ACE1 beat me to it - kids learn much much faster than adults- as they have no fear. Strangely enough, experienced skiers who also snowboard will tell you that the technique is actually very much similar for both.

Enjoy

Good evening all,

I wonder why OP didn't teach 4 years old to snowboard? Do you think ski is better for small children?

I'm in a similar situation and wonder shall I send my daughter to ski school, or have her learn snowboard with me. [Daughter is 5, I snowboard and I'm begginer in skiing (not more than 14 days skiing)]

Happy to hear from you,

Cheers!

Ah- how long is a piece of string? lol.

Probably will show my age here- but personally I'd always want a child to become a good skier and then pick up snowboarding later. Much easier to transfer skills that way then t'other way round. But there is no 'wrong' decision here. What does your kid think about it?

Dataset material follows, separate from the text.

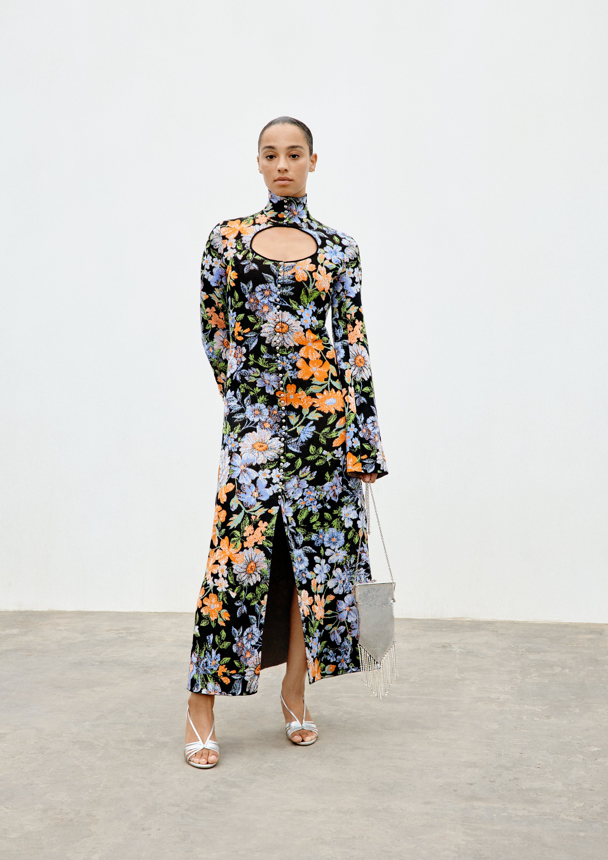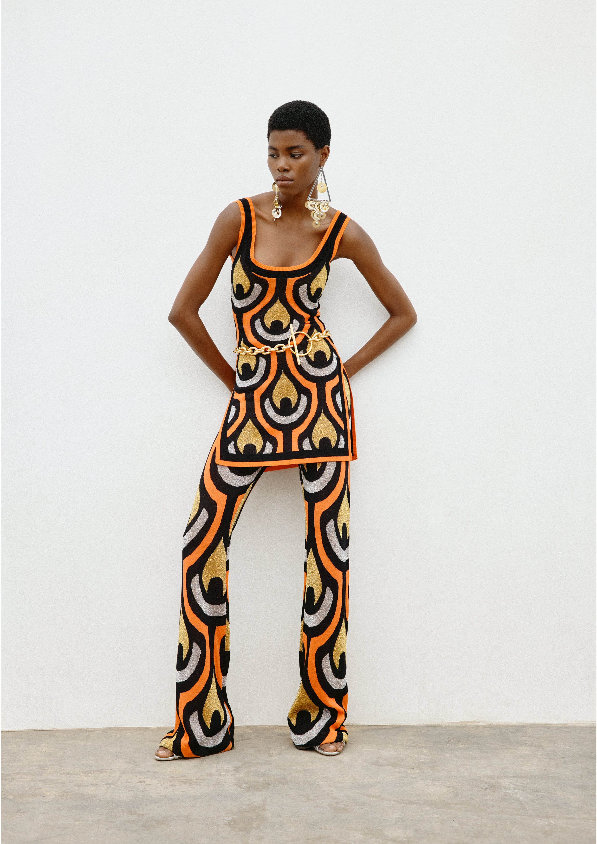 Launching on November 9, the Rabanne x H&M collaboration brings the innovative, retro-glam and futuristic designs the former has long been known for to the masses. Think of the line as the vibrant, ready-to-wear dress code answer to a lavish 1970s pool party-meets-cocktail hour (or, you know, a holiday party), with glittering disco dresses made with metallic mesh and mirrored paillettes (a nod to iconic Rabanne archival pieces) in shining purple, silver and gold hues. Even the loungewear feels party-forward thanks to slinky silhouettes and ribbed-knit textures. Other notable looks include a jacquard knitted two-piece set in a bold, geometric print with orange accents and an Old Hollywood-esque fuzzy coat.
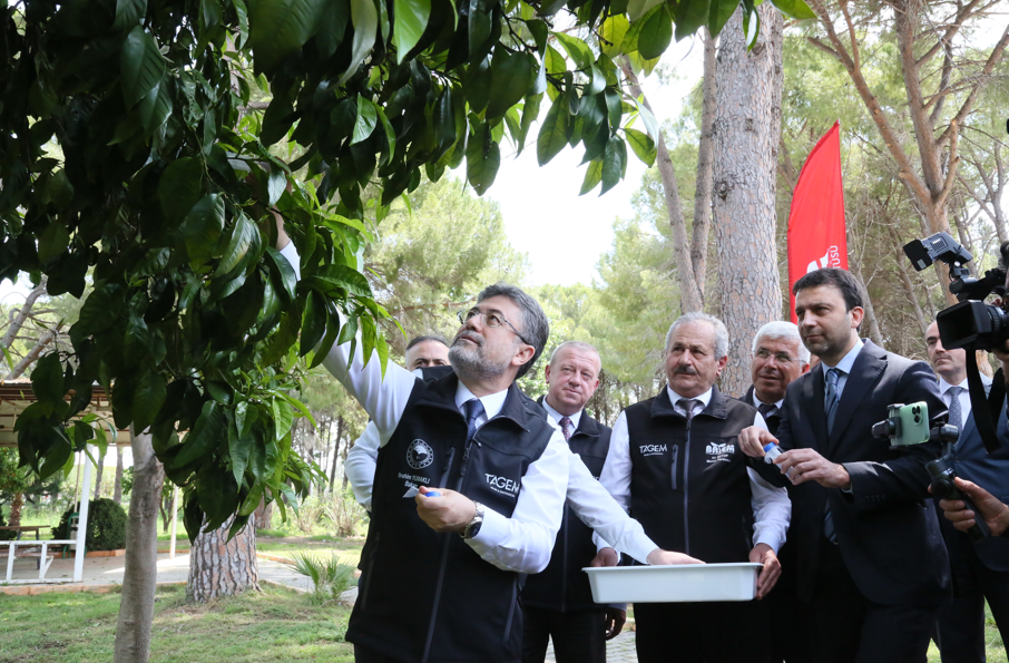 Tarım ve Orman Bakanı Yumaklı, laboratuvar incelemelerinin ardından turunçgil zararlılarına karşı üretilen biyolojik mücadele kapsamındaki yararlı böceklerin salınımını BATEM'in bahçesindeki portakal ağaçları üzerinde gerçekleştirdi.

Teaching a toddler to ski or snowboard is much better done by someone else, honestly, same as driving- it takes all the heat out of it. Then you can have a fabulous time having fun together - children rarely have tantrums and melt-downs with other teachers. Perhaps your child never has those?

To be honest my question should of been;

Is 5 year to young age to snowboard? I read that only 8y and above should snowboard. I find this strange. Sport is a sport.

Agree on tantrums and melt-downs, but still choose having fun together... more less like we've learn to ride a bike.

4 year old kids who ski for the season because their parents live in the mountains, will often ski better than their parents by the end of the first season, probably better to start them as soon as they can walk.......

Total nonsense that 4 is too young, I posted a link to Phil Smiths 3 kids aged 4 & 5 some time ago, they could skin bumps & off piste with great skill.

Was talking about ski lessons with French or Swiss ski school here- for kids on a one week holiday. Very different for kids on live in the mountains- I was on skis and getting on with it when I was about 3 - but lived 'skiing' every day. At 2, I skied between my parents legs at first, who were both good skiers.

No problem with a kid learning to snowboard at 5- if you can get good equipment for his/her size and weight.

Why don't you take some private ski instruction with your son and learn with him? The tips that the instructor will give you can also be used on your 4 year old. If you get a good instructor they can give you a few pointers so you can safely ski with him aswell. You can also then use the information from a board to teach your son.